Member of the U.S. House of Representatives from Kentucky's 9th district
- In office March 4, 1833 – March 3, 1835
- Preceded by: Charles A. Wickliffe
- Succeeded by: John White

Member of the Kentucky House of Representatives
- In office 1819–1831

Personal details
- Born: May 12, 1795 Nelson County, Kentucky, U.S.
- Died: June 12, 1874 (aged 79) Galveston, Texas, U.S.
- Resting place: Episcopal Cemetery, Galveston, Texas, U.S.
- Party: Anti-Jacksonian
- Profession: Politician, lawyer

Military service
- Allegiance: United States
- Battles/wars: War of 1812 American Civil War

= James Love (Kentucky politician) =

American politician (1795–1874)

James Love (May 12, 1795 – June 12, 1874) was a U.S. Representative from Kentucky.

Born in Nelson County, Kentucky, Love attended the common schools in Bardstown, Kentucky. He volunteered at the age of 18 and served during the War of 1812. He studied law, and was admitted to the bar and commenced practice in Barbourville, Kentucky. He served as member of the state house of representatives 1819–1831.

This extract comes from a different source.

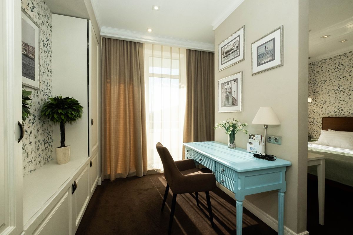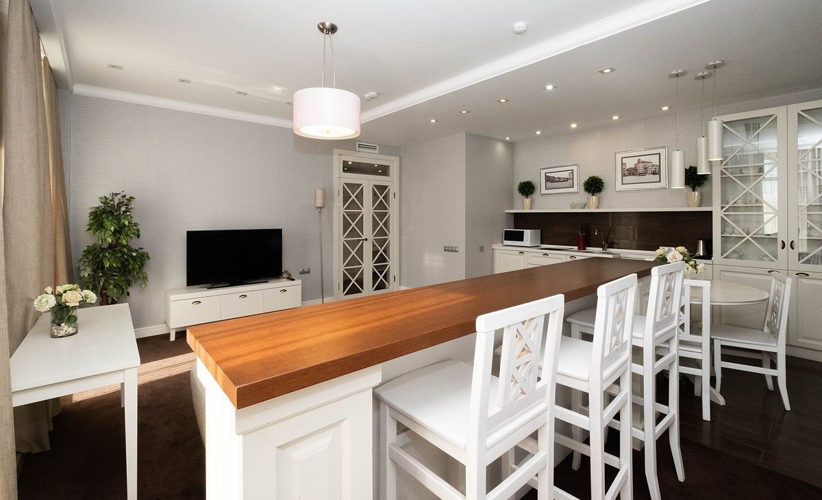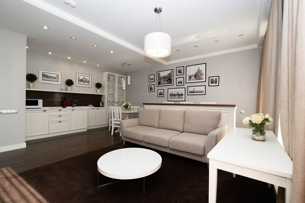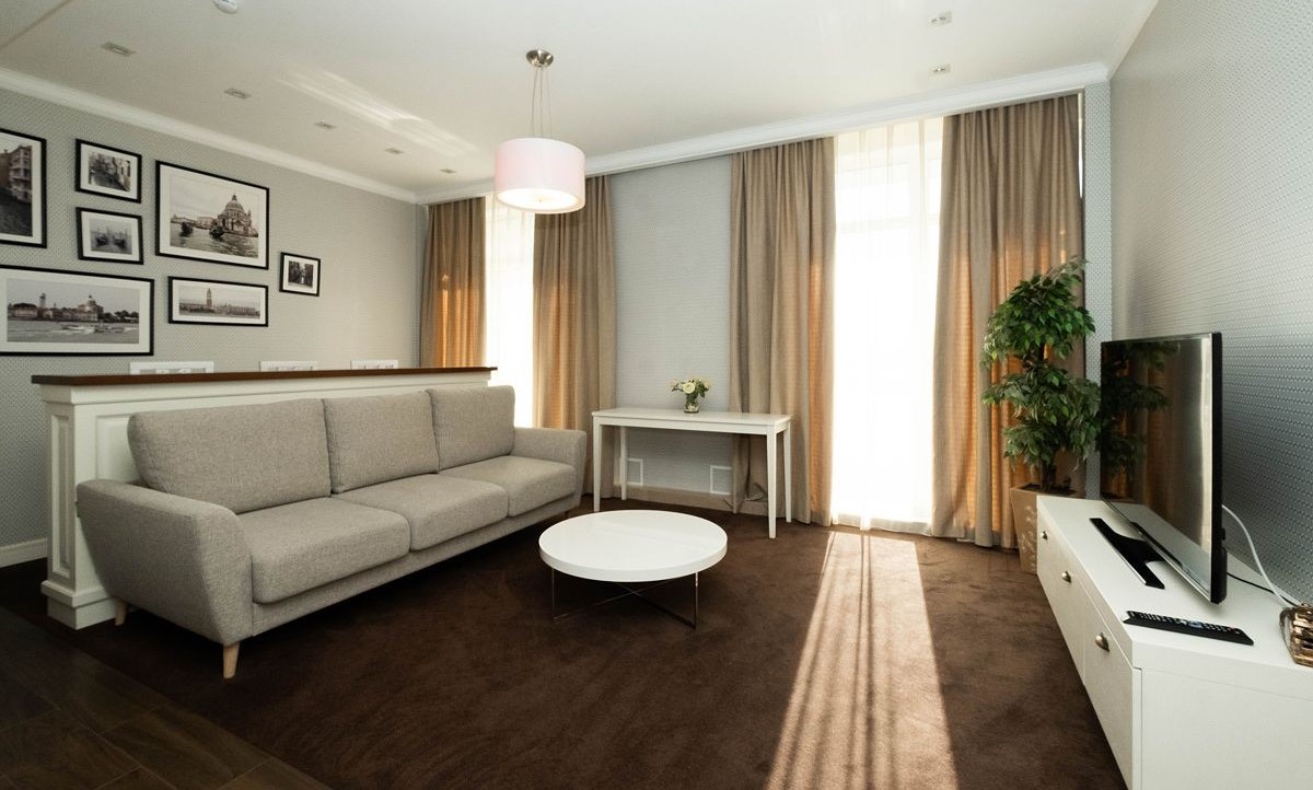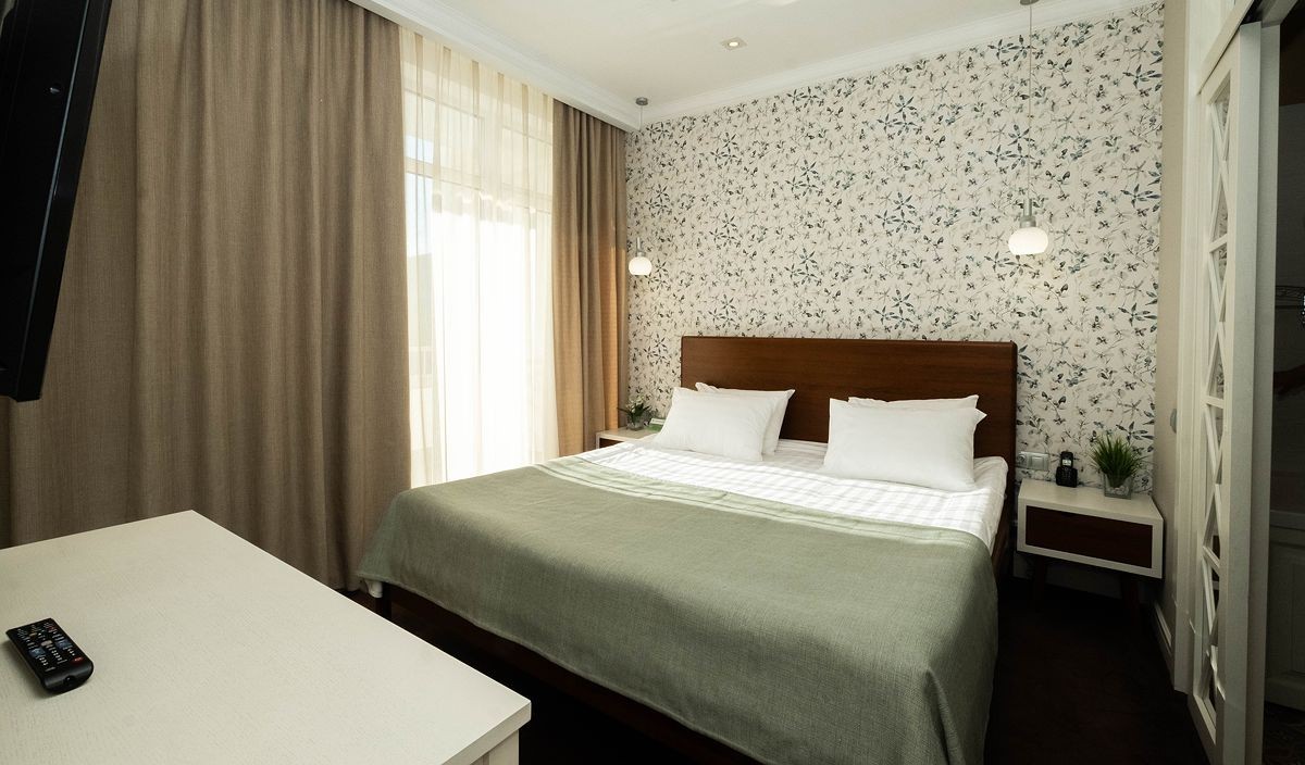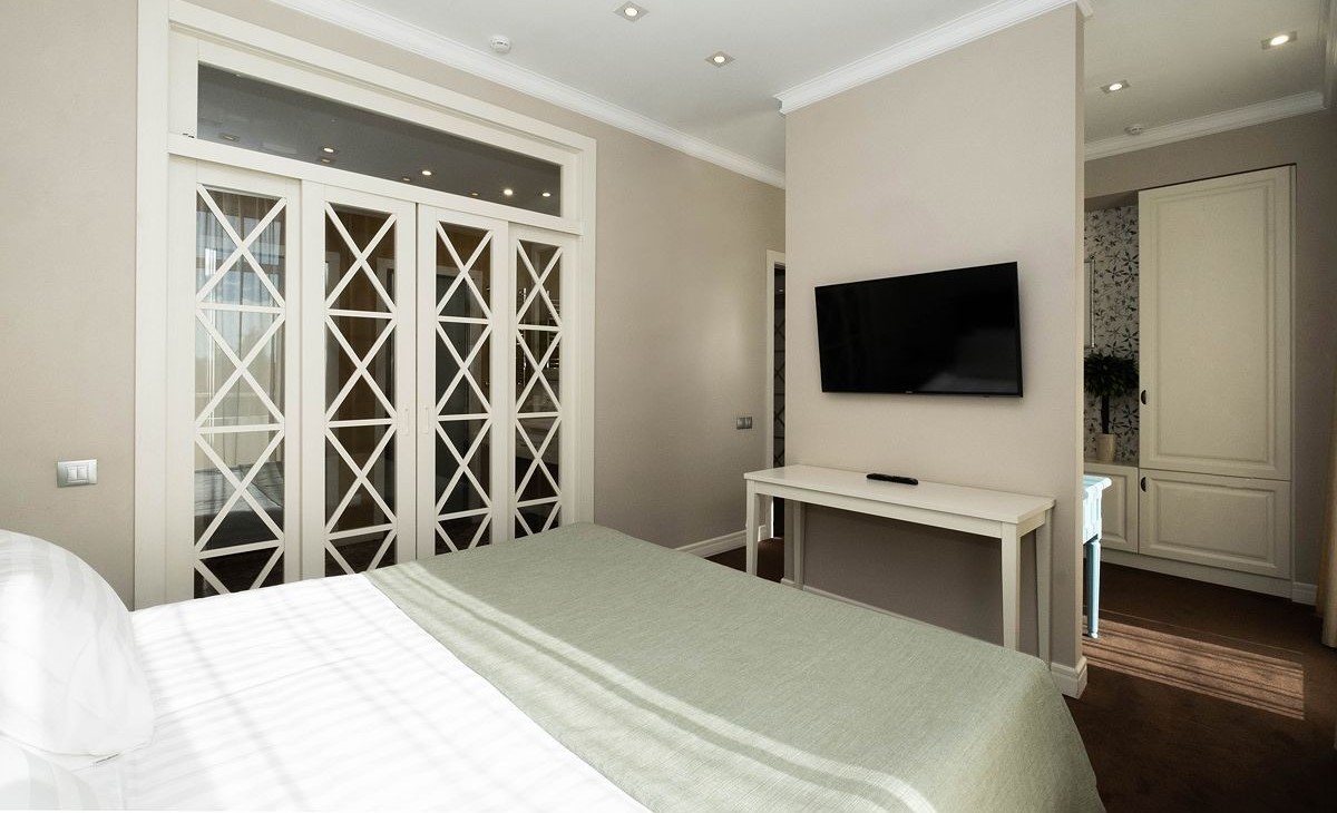 Площадь номера - 74 кв.м. 1 осн. место. 4 доп. места. Балкон. Мебель: вешалка, диван, зеркало, кровать двуспальная, кухонная мебель, прикроватные тумбочки, стол, столик журнальный, стулья, шкаф. Мини-кухня. Оборудование: гладильная доска, кондиционер, микроволновая печь, набор посуды, сейф, телевизор, телефон, утюг, холодильник, электрочайник. Санузел: биде, с ванной, с душем, тапочки, туалетные принадлежности, фен, халат. Сервис: Wi-Fi бесплатно, смена полотенец, смена постельного белья, уборка номера.

Love was elected as an Anti-Jacksonian to the Twenty-third Congress (March 4, 1833 – March 3, 1835).
He declined a renomination to the Twenty-fourth Congress.
He moved to Texas in 1837 and settled in Galveston.
He represented Galveston in the convention, which framed the constitution of 1846, and was the first judge of the Galveston district.
He resigned to become clerk of the United States court and served until the opening of the Civil War. After war was declared, he enlisted and served for two years with the Terry Rangers.

After the war, he was elected first judge of the Galveston and Harris County Criminal Court, but was removed by the military commander.
He died in Galveston, Texas, June 12, 1874. He was interred in the Episcopal Cemetery.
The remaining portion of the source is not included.